A raw chicken wing would be ideal.

Long term the minced chk/turkey wouldnt be complete for a cat as they need some bone content in there along with other stuff like offal and such,the place called natural instincts sell minced food which are complete.

For now though a peice of chicken or chk wing would be ok for her as getting something into her is the most important thing as young kittens can quickly go downhill especially if not drinking.


----------



## kodakkuki (Aug 8, 2011)

thanks, that what i was hoping!
the reason i don't have the dogs on complete raw is lack of freezer space, but once that is sorted dogs and cat will be on raw


----------



## we love bsh's (Mar 28, 2011)

kodakkuki said:


> thanks, that what i was hoping!
> the reason i don't have the dogs on complete raw is lack of freezer space, but once that is sorted dogs and cat will be on raw


 also cat and dog raw is different.

Freezer space tell me about it we have 3 draws and 2 are filled with the cat food lol.


----------



## spotty cats (Jul 24, 2012)

It's not unusual to not toilet and slightly go off food while settling in, she's going to be very stressed having your dogs around her crate, can you put her in a separate room?
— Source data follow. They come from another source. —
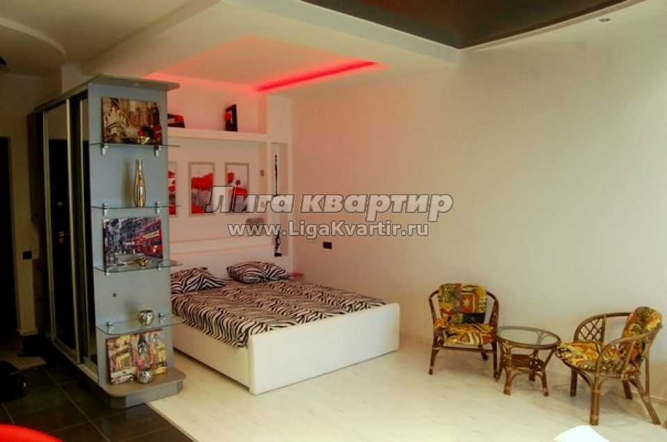 Пространство квартиры разделено на зону отдыха с двуспальной кроватью и кухонную зону с диваном, на котором может поместиться 1 человек. Таким образом, здесь могут разместиться до 3 человек.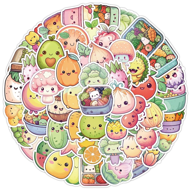 Cartoon Vegetable Stickers Pack of 50 Skateboard Graffiti Stickers Motorcycles Bicycle Snowboard Luggage Laptop Car Suitcase for Children and Teenagers Waterproof Vinyl Stickers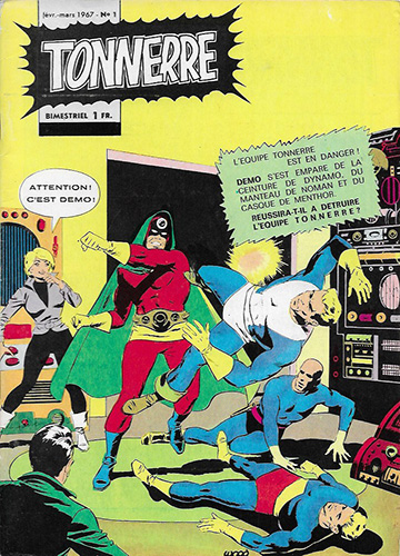 Rappelons que TONNERRE fut la première tentative d’introduction de super-héros US dans une publication française, deux ans exactement avant le FANTASK des éditions LUG. Tous deux connurent les foudres de la censure.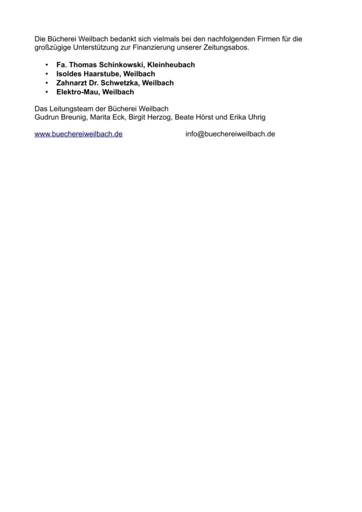 die Tage werden nun wieder kürzer, Zeit für ein gutes Buch auf der Couch. Es gibt wieder viele neue Titel, viel Neues zu entdecken in unserer Bücherei. Ideen für triste Herbsttage finden Sie unter Medienneuheiten Weiterlesen…

Try tinned tuna or sardines, along with chicken or turkey mince to get her appetite going.


----------



## kodakkuki (Aug 8, 2011)

spotty cats said:


> It's not unusual to not toilet and slightly go off food while settling in, she's going to be very stressed having your dogs around her crate, can you put her in a separate room?
> 
> Try tinned tuna or sardines, along with chicken or turkey mince to get her appetite going.


she's spending 99% of her time away from the dogs- i introduced them this morning ust to show her what the smells were (and she was wrapped up down my top until she stuck her butt in the air!)

she better appreciate this when shes older! lol as if a CAT would ever appreciate something a slave does- she better not grow to expect it!!


----------



## spotty cats (Jul 24, 2012)

Oh that's good, when you mentioned the crate and dog noses it sounded like they were together. Once she settled and comfortable with you, then you can intro the dogs, being a kitten she should adapt well in time.

Cats can be very appreciate too


----------



## lostbear (May 29, 2013)

Torties _are_ naughty (i've had three, and they are full of mischief) but they are also phenomenally affectionate. Lovely furry purries.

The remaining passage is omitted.